September 16, 2016
Douglas K. Chia, Executive Director of The Conference Board Governance Center, was the keynote speaker at the Sept. 14 opening session.

Douglas K. Chia Keynote Speaker at Opening Session

The changing role and composition of corporate boards of directors was the subject of a talk given by Douglas K. Chia, Executive Director of The Conference Board Governance Center.

Chia was the keynote speaker for the Opening Session of the Rutgers Law School Center for Corporate Law and Governance on September 14.

Co-deans Ronald K. Chen of Newark and Michael T. Cahill of Camden attended the talk. The center’s directors, Douglas Eakeley and Arthur Laby, said they were celebrating a year since the launch of the center, which offers, among other things, experiential learning opportunities for students and engages alumni in a steering committee for the center. 

“When you ask people what exactly a board member is supposed to be doing in this job, you get a whole range of responses,” Chia said.

Some think of a traditional model where directors act as an advisory group or a sounding board for the CEO, but often defer to management. Others see a more involved role where a director might be involved in detailed decisions, including deciding the number of breadsticks that should be on a table.

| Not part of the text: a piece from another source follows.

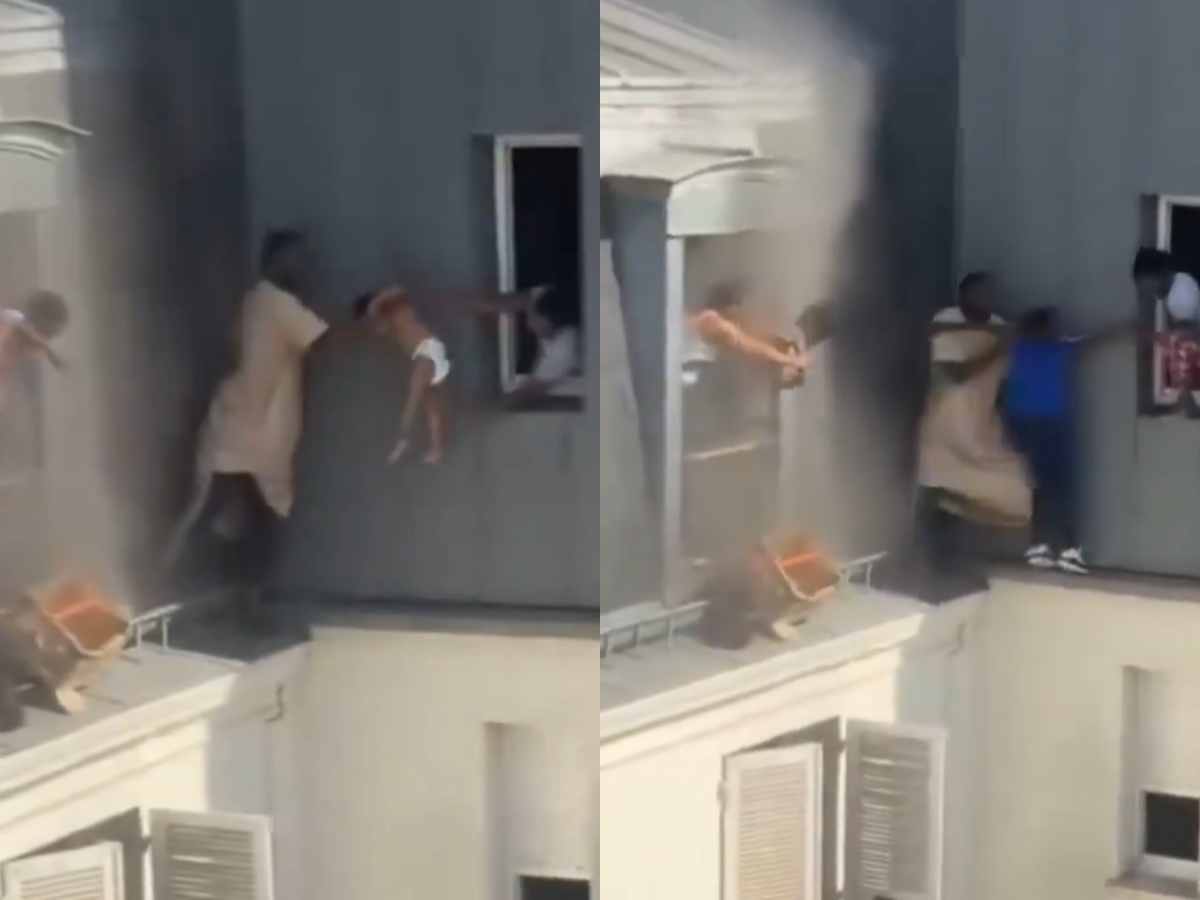 Um vídeo que circula pelas redes sociais mostra o momento em que Fousseynou Samba pula de uma janela do sexto andar do edifício e anda por um beiral estreito até chegar próximo de uma janela de onde saía fumaça.

“There is an incredible range of views and expectations about the job of people who are not company employees and who meet as a group about six to eight times a year,” Chia said.

He also said that while the role of a director may not always be defined, boards are blamed when things go wrong, from security breaches to compliance problems, “When you listen to these people, it’s as if the directors are supposed to be cops on the beat being tasked with preventing anything bad from happening.”

Chia said it is important for the thought leaders in companies to clearly define the role of their directors and come to a common understanding, perhaps defining the role in a job description. He said a company that is thriving may have different needs for its board of directors than one that is in a turnaround situation or is a start-up company.

“You’re never going to get everyone to agree, but it would help if we had a set of principles that structure how we think about this in practice and analyze different situations,” Chia said. It’s not just the company governance officers who need this, but also the directors, who need to know what is expected of them.

Chia challenged companies to consider getting their board members together to discuss their roles and responsibilities for the company and see what comes out of the discussion.

He invited law students and alumni in the audience to continue to think about these points and how they influence corporate governance.